Just to be clear, let me ask this a different way. How can I decouple EF from WCF Data Services. I am fine to make up my own contracts and use AutoMapper to convert between them. But I would like to not go directly from EF to OData.
NOTE: I still want to use EF as my ORM. Rolling my own ORM is not really a solution...
If you use your custom classes instead of using classes generated directly by EF you will also change a provide for WCF Data Services. It means you will no more pass EF context as generic parameter to DataService base class. This will be OK if you have read only services but once you expect any data modifications from clients you will have a lot of work to do.
Data services based on EF context supports data modifications. All other data services use reflection provider which is read only by default until you implement IUpdatable on your custom "service context class".
Data services are technology for creating quickly services exposing your data. They are coupled with their context and it is responsibility of the context to provide abstraction. If you want to make quick and easy services you are dependent on features supported by EF mapping. You can make some abstractions in EDMX, you can make projections (DefiningQuery, QueryView) etc. but all these features have some limitations (for example projections are readonly unless you use stored procedures for modifications).
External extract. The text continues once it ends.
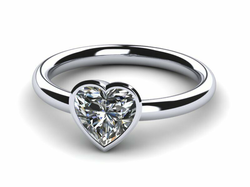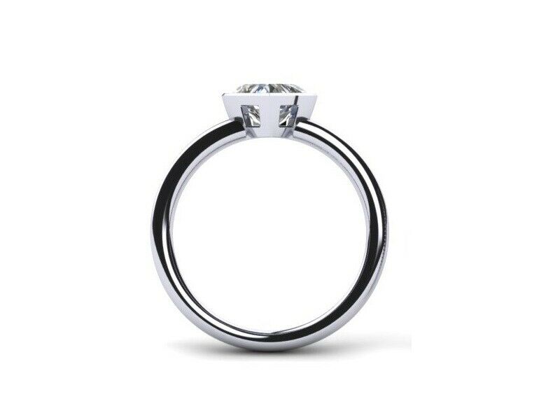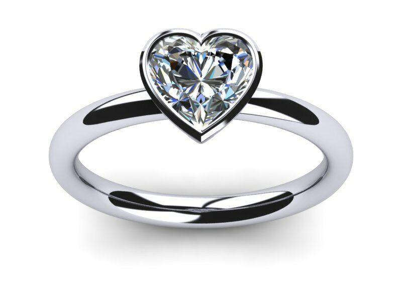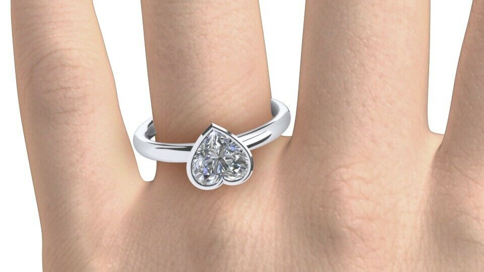1ct Engagement Ring Heart Cut Diamond Bezel Set Solitaire 14k White Gold Finish

Data services are not the same as providing connection to database. There is one very big difference - connection to database will ensure only access and execution permissions but it will not ensure data security. WCF Data Services offer data security because you can create interceptors which will add filters to queries to retrieve only data the user is allowed to see or check if he is allowed to modify the data. That is the difference you can tell your colleague.
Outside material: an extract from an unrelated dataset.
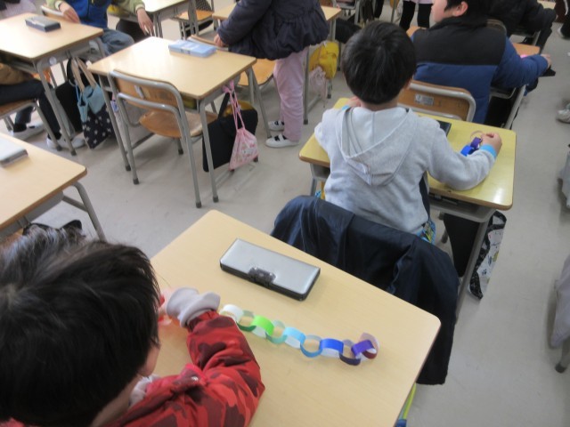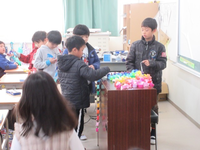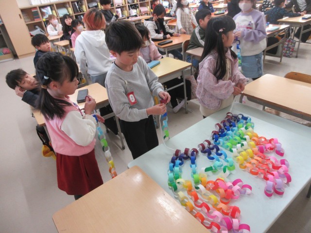 2年生は6年生の卒業をお祝いするための、輪飾りをつくっています。一人ひとりがとても丁寧にのりづけをしてつくっています。みんなの輪飾りが一緒になって、さらにきれいです。

In case of abstraction - do you want a quick easy solution or not? You can inject abstraction layer between service and ORM but you need to implement mentioned method and you have to test it.
Most simple approach:
DO NOT PUBLISH YOUR TABLES ;)
Make a separate schema
Add views to this
Put those views to EF and publish them.
The views are decoupled from the tables and thus can be simplified and refactored separately.
Standard approach, also for reporting.
Apart from achieving more granular data authorisation (based of certain field values etc) OData also allows your data to be accessible via open standards like JSON/Xml over Http using OAuth. This is very useful for the web/mobile applications. Now you could create a web service to expose your data but that will warrant a change every time your client needs change in the data requirements (e.g. extra fields needed) whereas OData allows this via OData queries. In a big enterprise this is also useful for designing security at infrastructure level as it will only allow the text based (http) calls which can be inspected/verified for security threats via network firewalls'.
You have some other options for your OData client. Have a look at Simple.OData.Client, described in this article: http://www.codeproject.com/Articles/686240/reasons-to-consume-OData-feeds-using-Simple-ODa
And in case you are familiar with Simple.Data microORM, there is an OData adapter for it:
https://github.com/simplefx/Simple.OData/wiki
UPDATE. My recommendations go for client choice while your question is about setting up your server side. Then of course they are not what you are asking. I will leave however my answer so you aware of client alternatives.